Predefined first against the key message in algorithm:
Define 1. and set vector f1And f2The two K dimensional vectors in position, claim f1Weak domination f2And if only if1≤i≤K meets f1i≤ f2i, it is denoted as f1≤f2, wherein f1iAnd f2iRepresent vector f1And f2I-th of element.
Define 2. and set vector f1And f2The two K dimensional vectors in position, claim f1It is strong to dominate f2And if only if1≤i≤K meets f1i≤ f2iAnd f1≠f2, it is denoted as f1<f2, wherein f1iAnd f2iRepresent vector f1And f2I-th of element.
It is referred to as that non-dominant and if only if for vector set X, vector x ∈ X to define 3.So that y<X, claim
For all non-dominant vectorial collection in set X Close.
Define 4. and set PmnIt is state node SmWith state node SnBetween all paths set, path p1, p2∈Pmn, Claim p1Dominate p2, and if only if g1<g2, it is denoted as p1<p2, wherein g1And g2It is path p respectively1And p2Cost vector.
Define 5. and set PmnIt is state node SmWith state node SnBetween all paths set, path p1, p2∈Pmn, Claim p1For non-dominant path, and if only ifp2∈PmnSo that p2<p1, i.e., it is better than in the absence of other paths in all targets Path p1
Two kinds of dominance relations are defined, reason is as follows:
(1) there is two all equal paths of weight equal qualification to do further on each object function in search procedure Consider, now compared using strong dominance relation and need to be extended path candidate;
(2), should when the weight for a solution path of the assessment values with having obtained of the paths in search procedure is equal What any path that Path extension goes out necessarily was dominated by force by this solution path, the necessity not further expanded is now sharp Compare path candidate and solution path with loose government.

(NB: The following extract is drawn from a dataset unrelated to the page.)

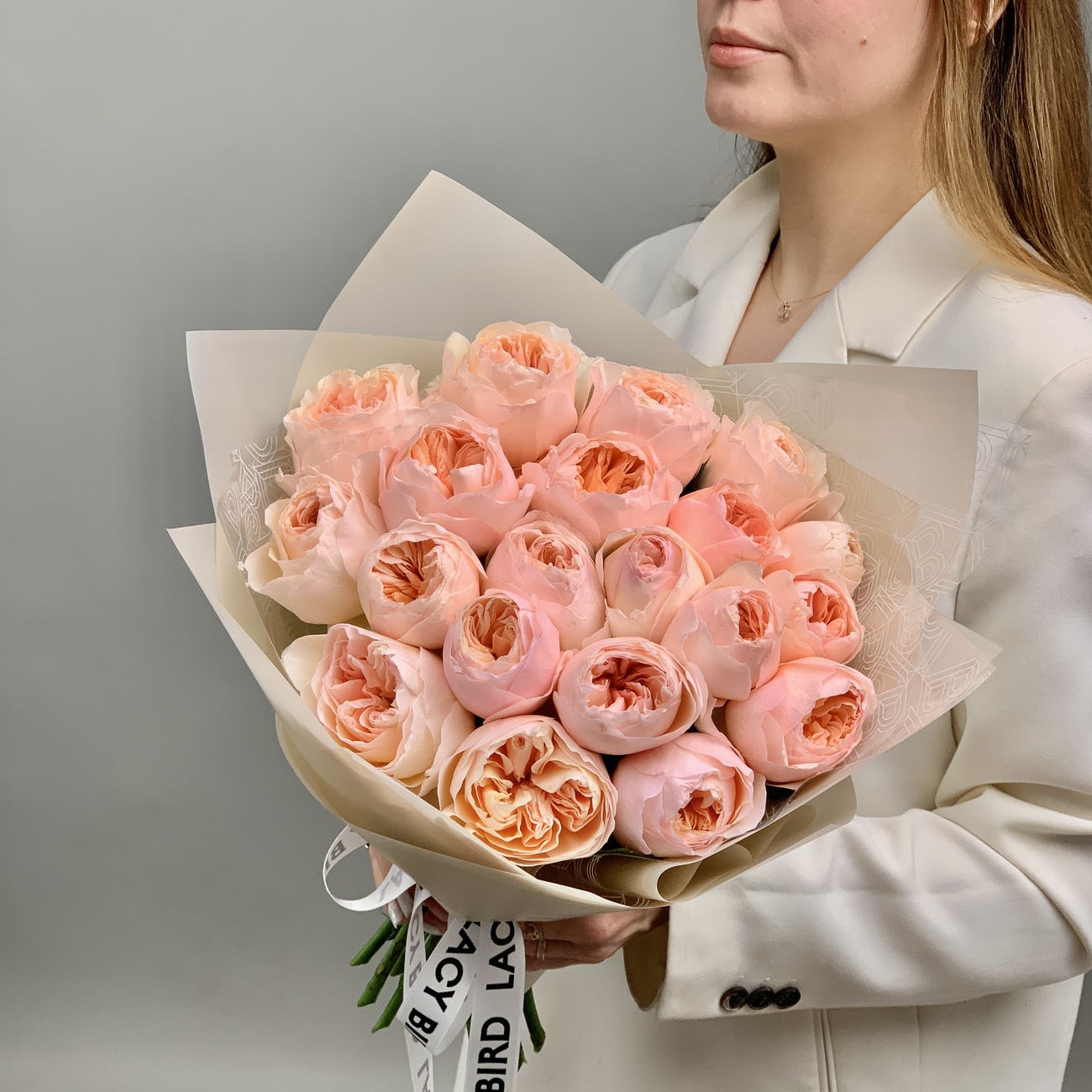 Свежие цветы от Lacy Bird доставляются в фирменной упаковке, которую необходимо снять при установке в вазу. Не срезайте ленту, связывающую букет для сохранения формы.

But problem is appointed as the original state uniquely determined and dbjective state, when state space graph is non-directed graph, can adopt With reverse search method, search procedure is performed since dbjective state, solves the optimal road between original state and dbjective state Gather in footpath.
The base unit extended every time using the multiple target heuristic search of Path extension method is a paths, profit With the heuristic information guiding search process in path to improve search efficiency.
Definition 6. reaches state node S in setting p as search proceduremA paths, claim f (p)=g (p)+hmFor path p's The cost vector that cost valuation, wherein g (p) are path p, hmFor SmOn heuristic information, estimate on each object function from shape State node SmReach the minimum cost of dbjective state.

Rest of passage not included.